Trump is also facing several charges of sexual assault from multiple women. One example: Columnist E. Jean Carroll has accused Trump of assaulting her in the ’90s and has filed a suit. As the Washington Post reported, Trump is also facing civil cases in New York from Attorney General Letitia James, a criminal probe from Manhattan District Attorney Cyrus Vance Jr., and a federal probe from U.S. Attorney for D.C. Michael Sherwin for Trump’s role in inciting riots after the Capitol building was stormed on January 6.
Phew. That’s… a lot.
To understand what might be in store for Trump and his alleged activity after he leaves office this week, Cosmopolitan spoke to attorney Danya Perry, who specializes in white collar defense and investigations and was the former Deputy Attorney General for the state of New York, for her expertise in the subject matter. Here’s what you need to know.
So, is presidential immunity a thing?
Presidential immunity is a thing, but it’s not as all-encompassing as it sounds. “Broadly speaking, presidential immunity provides absolute protection to a sitting president from civil litigation for official acts taken while he—and, someday, she—is president. The Supreme Court has clarified that the president does not, however, enjoy absolute immunity from civil litigation for conduct that predated his presidency,” says Perry. That means Trump could still go down for any illegal activity he was involved with before he took office. “In 2020, the Court further ruled that the president is subject to subpoenas for criminal prosecution for personal conduct, just like anyone else.”

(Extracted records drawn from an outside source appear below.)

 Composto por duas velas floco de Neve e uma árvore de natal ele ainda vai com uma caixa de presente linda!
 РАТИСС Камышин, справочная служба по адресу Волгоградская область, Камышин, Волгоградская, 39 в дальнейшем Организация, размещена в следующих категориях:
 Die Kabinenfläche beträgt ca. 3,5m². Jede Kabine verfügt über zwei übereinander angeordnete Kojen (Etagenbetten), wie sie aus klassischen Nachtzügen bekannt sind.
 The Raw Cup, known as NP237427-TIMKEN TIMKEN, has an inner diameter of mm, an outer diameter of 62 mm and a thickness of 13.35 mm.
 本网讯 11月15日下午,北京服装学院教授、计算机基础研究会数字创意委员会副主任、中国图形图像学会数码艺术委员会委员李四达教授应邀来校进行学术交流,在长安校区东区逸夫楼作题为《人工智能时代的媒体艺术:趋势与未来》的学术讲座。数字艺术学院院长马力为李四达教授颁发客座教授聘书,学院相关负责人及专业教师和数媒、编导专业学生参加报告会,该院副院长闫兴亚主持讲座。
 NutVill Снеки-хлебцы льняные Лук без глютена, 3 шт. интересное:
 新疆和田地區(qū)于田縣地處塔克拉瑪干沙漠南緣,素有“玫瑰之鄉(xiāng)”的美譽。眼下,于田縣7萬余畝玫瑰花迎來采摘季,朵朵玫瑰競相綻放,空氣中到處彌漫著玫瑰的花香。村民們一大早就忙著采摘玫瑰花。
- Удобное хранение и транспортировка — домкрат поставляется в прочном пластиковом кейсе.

So what’s up with the cases that have already been filed against him?
“There are a number of active lawsuits pending against Mr. Trump in his individual capacity, including most famously two defamation suits brought by women who have accused him of sexual assault,” says Perry. “In both cases, he has argued that he is immune from the pursuit of these actions during his presidency. Those arguments will go away on January 21 unless the president is impeached and convicted sooner.”
Trump could still go down for any illegal activity he was involved with before he took office.

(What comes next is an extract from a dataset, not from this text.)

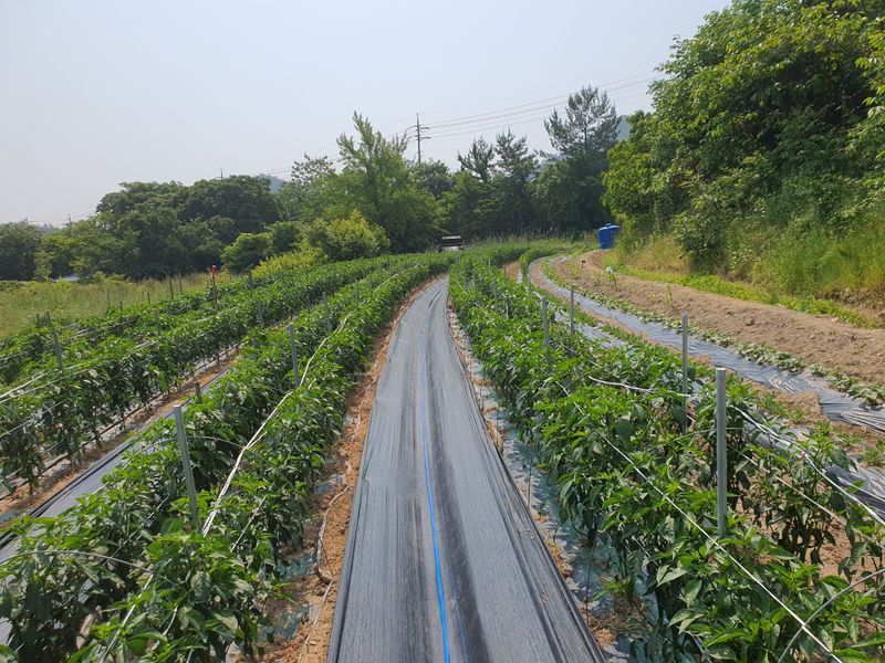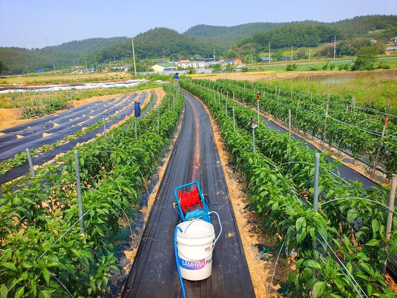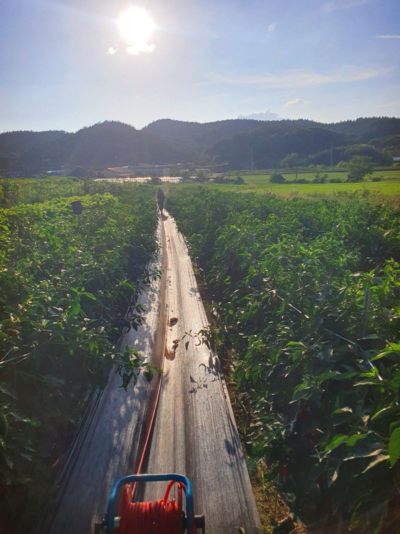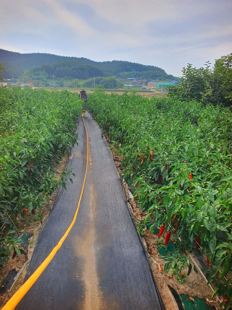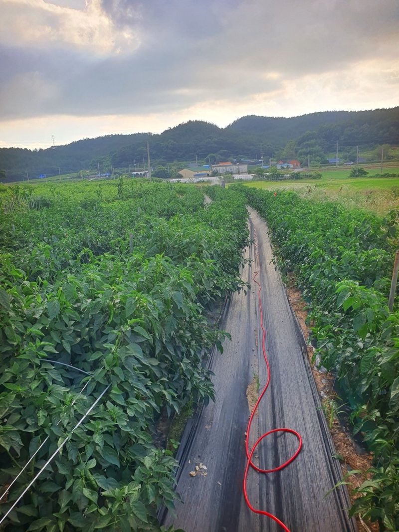 터널식 고추 관수로 충분한 물공급 했습니다

Ditto for the civil and criminal investigations that are ongoing in New York. Last August, New York Attorney General Letitia James filed a motion to compel Eric Trump and others to comply with an investigation into the the Trump Organization’s financial dealings. Trump’s own former lawyer, Michael Cohen, has also filed a lawsuit against the Trump Organization for millions of dollars owed in legal fees.
So, yeah, there’s a lot waiting for Trump come Thursday. “As soon as Mr. Trump leaves office, his claims of immunity go away with him and he may be pursued to the full extent of the law,” says Perry.
Will Donald Trump be prosecuted for all his alleged illegal activity, and if yes, what does accountability look like for a former president?
“The short answer is yes,” says Perry. “There has been much speculation that Mr. Trump might try to pardon himself before he leaves office. His ability to do that is legally dubious, but even if a self-pardon were able to withstand judicial scrutiny, a presidential pardon only insulates against federal prosecutions.”
That means he’s not off the hook for state or local allegations. “Accordingly, Mr. Trump still can be—and I believe likely will be—prosecuted by the NY AG or by the Manhattan DA’s office. Practically speaking, however, it is not entirely clear exactly what those criminal charges might be, how strong the evidence is, whether or not Mr. Trump would be convicted of any crimes, and, in particular, whether or not a jail term would follow a criminal conviction. But all these things are more than theoretically possible after Mr. Trump is no longer President Trump.”